Tuesday 20 March 2012

Heartlessness, and Why I Don't See it as Bad

Heartless is something I'm sometimes called by insensitive fools with closed minds. This is because (surprise!) the world is full of insensitive fools with closed minds. Radical views are often simply dismissed as crazy or terrible, simply because people like their own views and don't like to venture out of their comfort zones.
   Allow me to explain.

It has long been an obsession of mine to find a definitive solution to the growing global crisis of overpopulation. With seven billion people already occupying the planet, it is only logical to assume that in the near future, the population figures will cross a line and resources will be limited. The trick with overpopulation is to keep the numbers below that line. But I digress.
   Running at a parallel to my overpopulation obsessions is my 'Why do we care so much?' string, which basically stands for itself - Why is it that we care so much about singular human lives, and why is it that we proceed to attempt to save people all the time?
   This has always been a controversial topic for conversation, especially with certain people who like a conflict or are simply grumpy. I find that people dislike leaving their comfort zones - it is akin to stepping from a warm house out into a cold, winter's night in many ways - and this causes problems. But I digress.
   The day was a Thursday (an unfailingly mundane day, in my humble opinion), and it was but a young day at the time, too - the hour hand had not yet passed nine in the morning - when I brought up the subject of how I hate speed bumps. I decided to step out there and say what I was thinking, which was, at the time, that slowing down cars aids no benefit to the human race.
   Slowing down cars is, if you believe the council, a good use for our money. People get knocked down by speeding cars all the time, and it's supposedly our proper place to make sure it doesn't continue to happen. The truth is that it is a burden to the human race. Keeping more people alive a) decreases the likelihood of survival for certain others b) puts a further drain on already limited resources and c) if they aren't going to look before they leap, who are we to save them? It's natural selection, I tell you. If they aren't nimble enough, fast enough, or aren't intelligent enough to look out for traffic and avoid it, they needn't contribute to future generation's gene pools. Simple.
   Of course, when I argue I argue hard and well, and expect a good show, but this was Evil who I was arguing with, so she simply turned on her heel and said: "You heartless soul."

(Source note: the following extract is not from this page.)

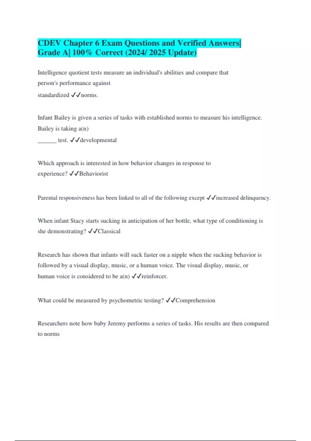 CDEV Chapter 6 Exam Questions and Verified Answers| Grade A| 100% Correct (2024/ 2025 Update) Intelligence quotient tests measure an individual's abilities and compare that person's performance against standardized norms. Infant Bailey is given a series of tasks with established norms to measure his intelligence. Bailey is taking a(n) ______ test. developmental Which approach is interested in how behavior changes in response to experience? Behaviorist Parental responsiveness has been linked to all of the following except increased delinquency. When infant Stacy starts sucking in anticipation of her bottle, what type of conditioning is she demonstrating? Classical Research has shown that infants will suck faster on a nipple when the sucking behavior is followed by a visual display, music, or a human voice. The visual display, music, or human voice is considered to be a(n) reinforcer. What could be measured by psychometric testing? Comprehension Researchers note how baby Jeremy performs a series of tasks. His results are then compared to norms

I appear to be disinclined to agree with my friend and co-worker in this particular area. As people who know me know quite well, I am not heartless, simply forwards and uncompromising in my views. As Sun Tzu once said in his famous work 'The Art of War':
"There are... dangerous faults which may affect a general: ...over-solicitude... which exposes him to worry and trouble."
(Over-solicitude, of course, means to be overly concerned about something or other. Just saying.)
   Of course I am not a general, but this quote, as any seasoned person should well know, is quite true. If we were all to worry about the state of the world as it is, then none of us would get any sleep at night. Therefore it is necessary for humans to have a certain 'heartlessness' to them.
   Maybe I'm just a cold human being, but I believe otherwise. A lack of care for certain issues does not betray a soulless human, rather it defines one who is but a normal person. Just because I disagree over the relative benefits of speed bumps doesn't make me a harsh or horrible person; quite the opposite: Being able to look at both sides of the argument and then actually pipe up for the lesser is in many ways a challenge to be relished.
   As it is, I am not heartless and cold. I simply keep a broad and open mind. Can you say the same?